Episode 4: Importing JSON into DynamoDB

pasta.jpg

Disclaimer: In this series we’ll describe how we move from Parse to AWS. In no way do we claim that this is the best way to do things. This is simply a narration of steps we took. In fact, if you have found better ways of doing the same, we’d love to hear about it!

Ok! Now we’re at the final step of data migration. By the end of this episode, we will have our data all ported over from Parse to DynamoDB and we’ll be ready to move on to addressing other features like Push Notifications, User management etc. Let’s quickly review our migration plan so far.

Plan Progress

  1. Export our data out of parse (Done)
  2. Export our images out of parse (Done)
  3. Format Parse data into dynamoDB compatible data (Done)
  4. Put all our images into an S3 bucket with the same unique name that parse gave them (Done)
  5. Import the JSON data we get out of Parse into DynamoDB along with the unique image names for our files.

For step 5, we’ll be using the JSON files we created at the end of Episode 2

Method 1: Data Pipelines ( We ended up not using this )

If you google, “importing data into aws dynamoDB”, you’ll be bombarded with links that tell you that Data Pipelines are the way to go. It sounds great, but there are some things we discovered that is worth considering before you go that route.

  • What is the correct format?? – We had no idea how to format our JSON files for data pipelines to work. There doesn’t seem to be an easy to find sample which we could replicate (or at least there wasn’t when we were doing this). So we resorted to trial and error. Don’t worry, we’ll share with you exactly what format you need… You’re Welcome!
  • Oh dang, it costs money! – The default box that aws uses to Import DynamoDB backup data from S3  is m3… which is not covered under the free tier. Not knowing this, we kept trying data pipelines with various wrong formats of data and incurred about $10 in fees in one day! Ok, lesson learned, let’s use a smaller box. We edited our config to use a smaller m1 linux box which spit out the following in our faces:

    ERROR: Instance type m1.small is not supported on AMI ‘3.8.0’

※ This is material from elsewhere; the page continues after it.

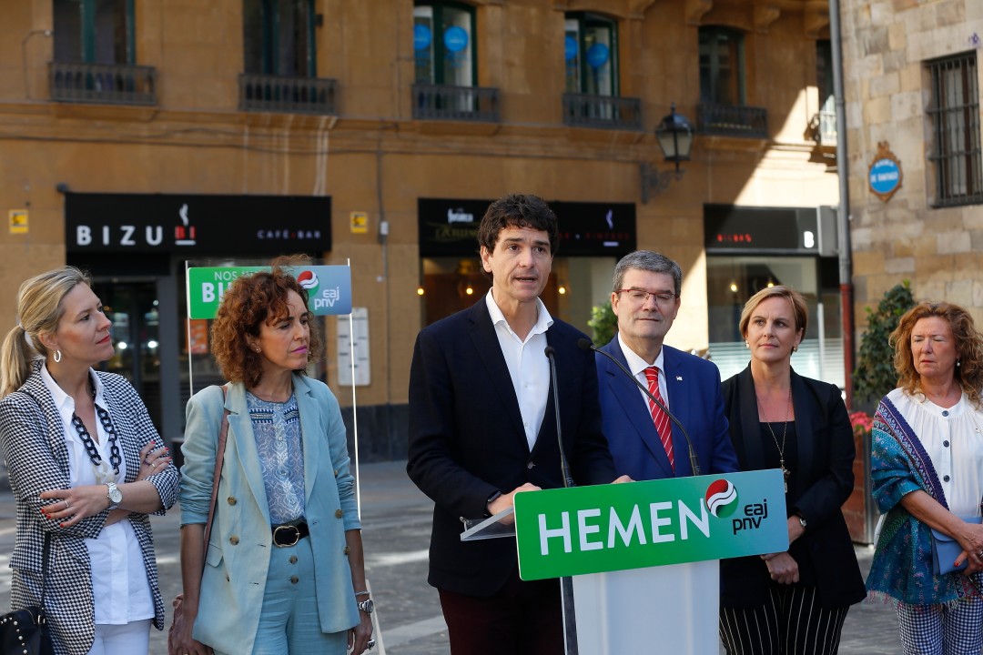 El candidato a diputado general, Unai Rementeria, ha presentado estos proyectos en un acto en el que Juan Mari Aburto, candidato a alcalde de Bilbao, ha desgranado iniciativas como la elaboración de un Plan Integral de Comercio Local o la puesta en marcha del proyecto ‘Bilbao, capital comercial‘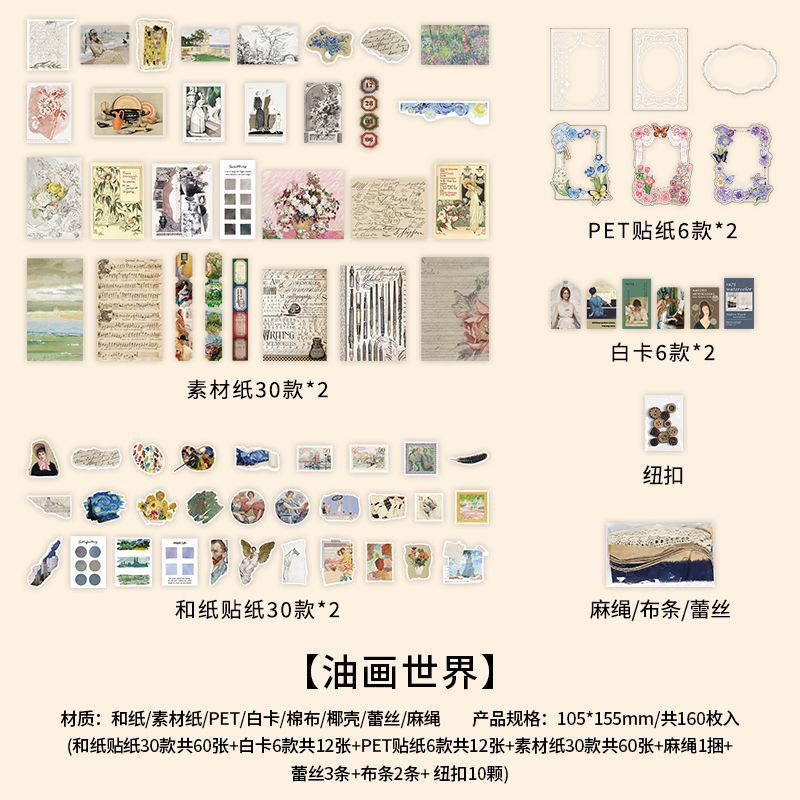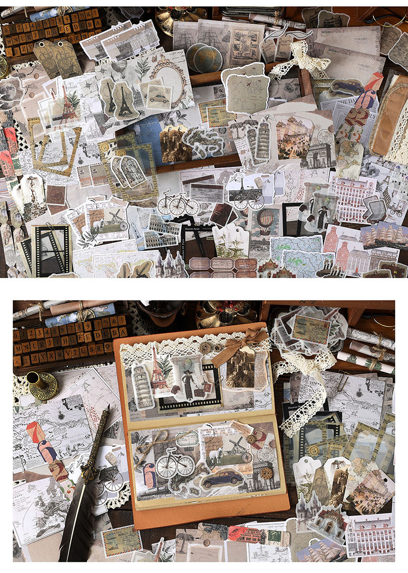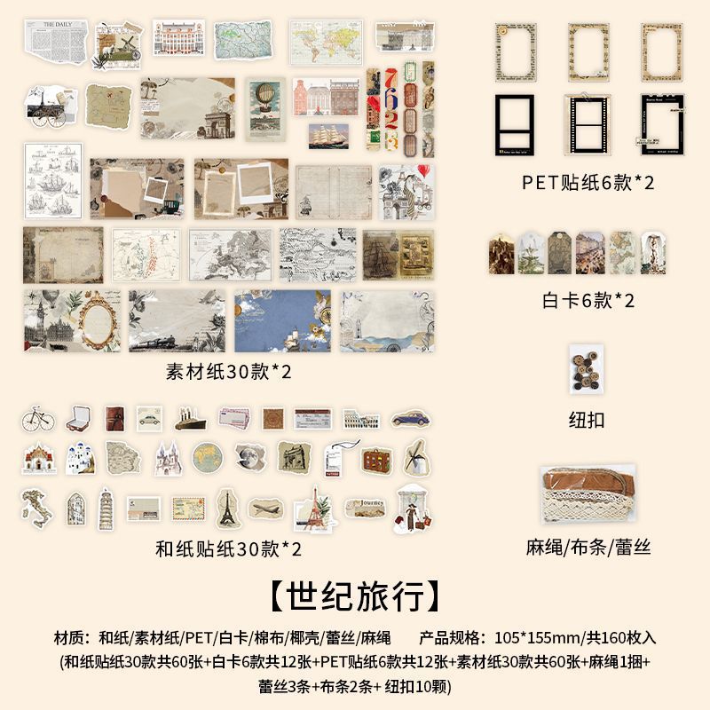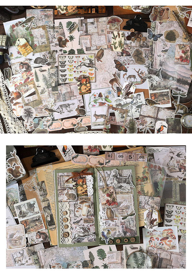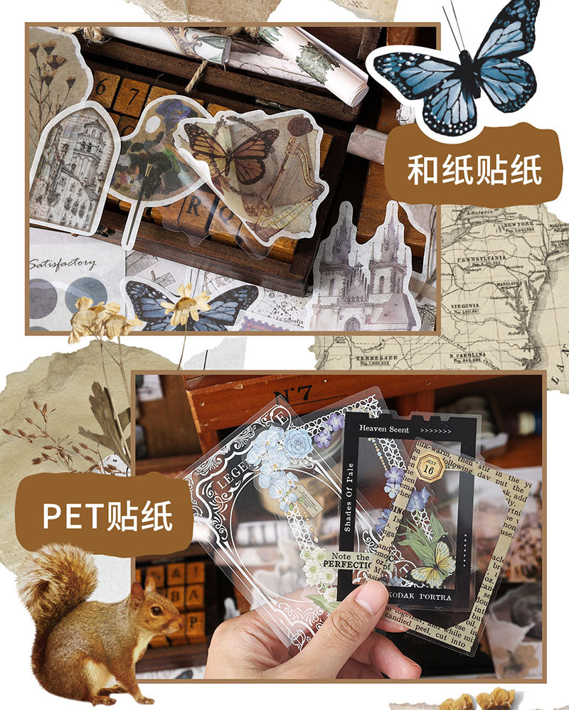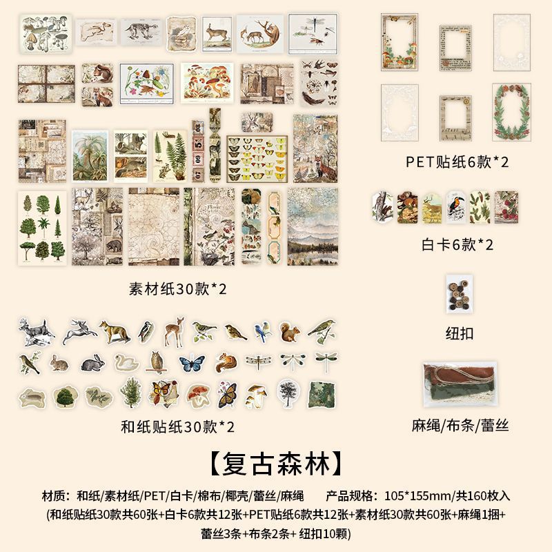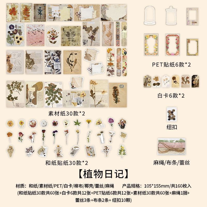 秋新作 ペーパー ステッカー アンティーク 植物花葉 キノコ アニマル ボタン PET+紙 シール 160枚入

    • It gets more complicated but We wanted to get this entire migration done without spending $$ and too much time and effort… data pipelines was looking like a no-go

So in case you still want to go ahead and use the data pipelines, the correct format for input files is the following:


{"Name": {"S":"Amazon DynamoDB"},"Category": {"S":"Amazon Web Services"}}
{"Name": {"S":"Amazon push"},"Category": {"S":"Amazon Web Services"}}
{"Name": {"S":"Amazon S3"},"Category": {"S":"Amazon Web Services"}}

As you can see, the file should contain dynamoDB JSON objects separated by newline. Make sure you go over the dynamoDB format – don’t have empty strings etc because each time the import fails, it’ll cost you to try again.

Method 2: Old faithful Node app (recommended)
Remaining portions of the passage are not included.